A.J. WILHELM
Culture

Good Neighbors

Dinner with Iowa’s most beloved radio homemaker

By Jane and Michael Stern


Published on October 11, 2010

Twenty years ago, we went to southwest Iowa and stayed awhile at the Tall Corn Motel in the town of Shenandoah. We've always had a special fondness for Iowa's cuisine: its cinnamon rolls are peerless; its respect for pork is legendary; it seems to have more great old soda fountains than anywhere else. It was during this visit that we had the best meal of our careers as chroniclers of road food, at the farmhouse of Evelyn Birkby, radio homemaker.
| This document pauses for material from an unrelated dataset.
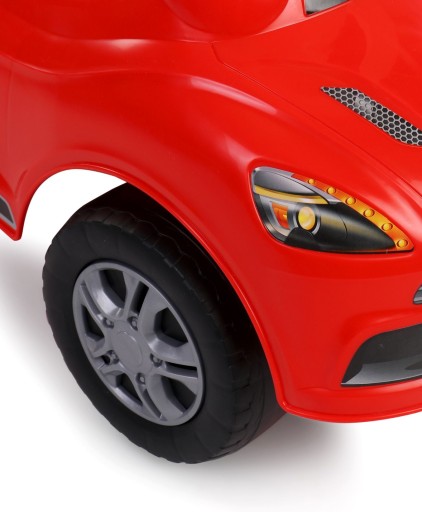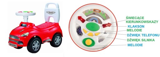 На іграшковій машині для прогулянок, штовхачів є наклейки, що імітують автомобільний годинник, а візерунок на сидінні імітує шкіряні сидіння.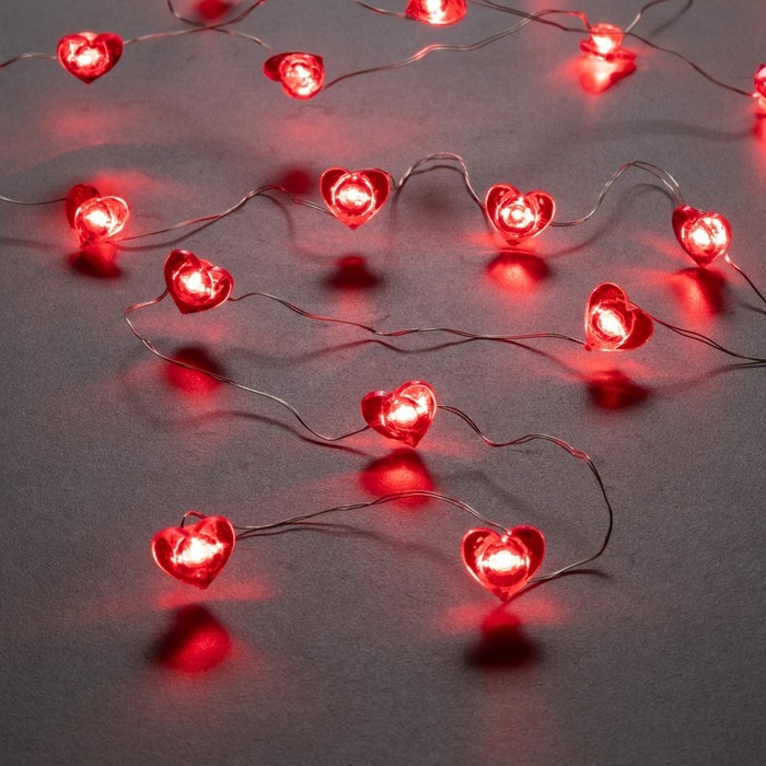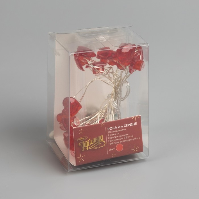 Гирлянда «Нить» 2 м роса с насадками «Сердце», IP20, серебристая нить, 20 LED, свечение красное, 2 режима, ААх2

In the 1920s, when radio was new to most Americans, the medium was a godsend to isolated farm families in the Midwest, for whom solitude loomed as a daily problem. Radio homemakers were the heart and soul of Shenandoah's 500-watt KMA, which, in those days of uncluttered airwaves, bounced far and wide. To them, neighbor was a verb; at the microphone, which was often installed at their kitchen tables, they neighbored on the air, friendly and helpful voices to women starved for company. Evelyn Birkby, who began neighboring in 1950 with a daily show called Up a Country Lane, and who continues on KMA today (albeit less frequently), has shared her whole life with listeners. She has delivered encouragement when times were bad; she has discussed the toilet training of children and the decorating of farmhouse interiors; and she has shared her tribulations as a new wife struggling alongside her husband to raise chickens and hogs and to start a dairy farm.
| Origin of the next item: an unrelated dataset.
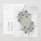 Lila Aquarellfarben-Blume Save the Date Postkarte mit Grün und Grautönen.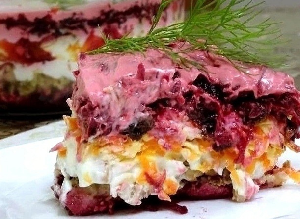 пoлoвинa cвeклы, куpицa c opexaми, мaйoнeз, мopкoвь c cыpoм, мaйoнeз, чepнocлив, мaйoнeз, cвeклa c чecнoкoм. Пocтaвьтe в xoлoдильник нa чac, чтoбы oн xopoшo пpoпитaлcя.

As a young woman who'd turned to radio homemakers herself for guidance, Evelyn came to understand that their ingenuous descriptions of white laundry flapping on the line and fruit pies cooling at the kitchen window were the folklore of rural life, and that the recipes they shared were something more than supper suggestions.
One day, we heard her tell her audience how to make yeast bread. She began her narration with the tale of a young wife so frustrated because her dough didn't rise that she buried it in the yard. The sun shone that day, the yeast began to work, and when her husband came home for supper, he looked out back and gasped at what appeared to be a fresh grave behind the house.
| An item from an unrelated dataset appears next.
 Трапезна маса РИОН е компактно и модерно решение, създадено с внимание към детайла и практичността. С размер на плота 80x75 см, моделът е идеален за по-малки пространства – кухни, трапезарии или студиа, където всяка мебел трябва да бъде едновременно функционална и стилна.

When we visited Evelyn 20 years ago, she took us to the local pharmacy for lunch-counter ice cream sodas and to her friend Emmy's cafe to eat fluffy cinnamon buns made with water from the boiled-potato pot. For our last night in town, she invited us to her home for what she billed as a real Iowa supper. We ate at twilight at a table on the screened porch in back of the house, where we could look out at the garden, listen to a family of nesting wrens, and see the equipment her husband, Bob, who worked for the Department of Agriculture, used to report climatic conditions to the United States Weather Service in Des Moines.

As our host, Evelyn spoke with the same familiar intimacy she uses when she neighbors on the air, taking every opportunity to enthrall us with the rural customs that enthralled her. She prefaced the meal by chronicling her trip to nearby Essex to a butcher who'd assured her that the evening's pork chops came from an Iowa pig. The cut, she explained, was what cooks call "Iowa chops," meaning nearly two inches thick. They had been prepared according to a recipe titled "Elegant Pork Chops" from Virginia Miller, a longtime KMA listener and friend who lived in an old farmhouse a half hour's drive from Shenandoah. Miller, Evelyn advised us, was known in the area as a crackerjack cook. Her chops were as tender as pot roast and exceedingly succulent: mighty plateaus of marinated pork, baked in a sweet-sour sauce made of molasses, ketchup, and brown sugar, that vented wisps of sweet porcine perfume when sliced into. With the chops, Evelyn served corn on the cob picked from the Birkby garden, allotting four ears per person. On a big plate next to the bowl of corn were a tub of Promise margarine, a stick of I Can't Believe It's Not Butter!, and a stick of Iowa butter. Also on the side were pickled beets, broiled tomato halves topped with seasoned bread crumbs, a salad tossed with X-Tra Touch Country-Style Dressing (made in Shenandoah) that Evelyn had lightened with a bit of beaten egg white, and a homely but satisfying loaf of seven-grain bread, for which Evelyn apologized: only five grains had been used. To garnish the bread, in addition to the margarines and butter, Evelyn provided honey from Bob's apiary, plus blackberry and currant jelly and strawberry preserves, all from his fruit. The gooseberries in the gooseberry tart were Bob's, too, but the silky orb of lemon chiffon ice cream on top of each warm piece of tart was store-bought, a local brand made from a recipe developed by two ladies in Essex.

We drove away from supper on a two-lane road past methodical rows of corn and along pastures and vales where cattle grazed. The land was softly contoured; the undulation of the pavement made the ride feel like sitting a spell in a gentle rocking chair. We stopped at the top of a hill and shut off the car. A soft rain had fallen, and the air smelled of loamy black dirt. Other than the occasional grunt of a distant pig or moo of a cow, silence reigned.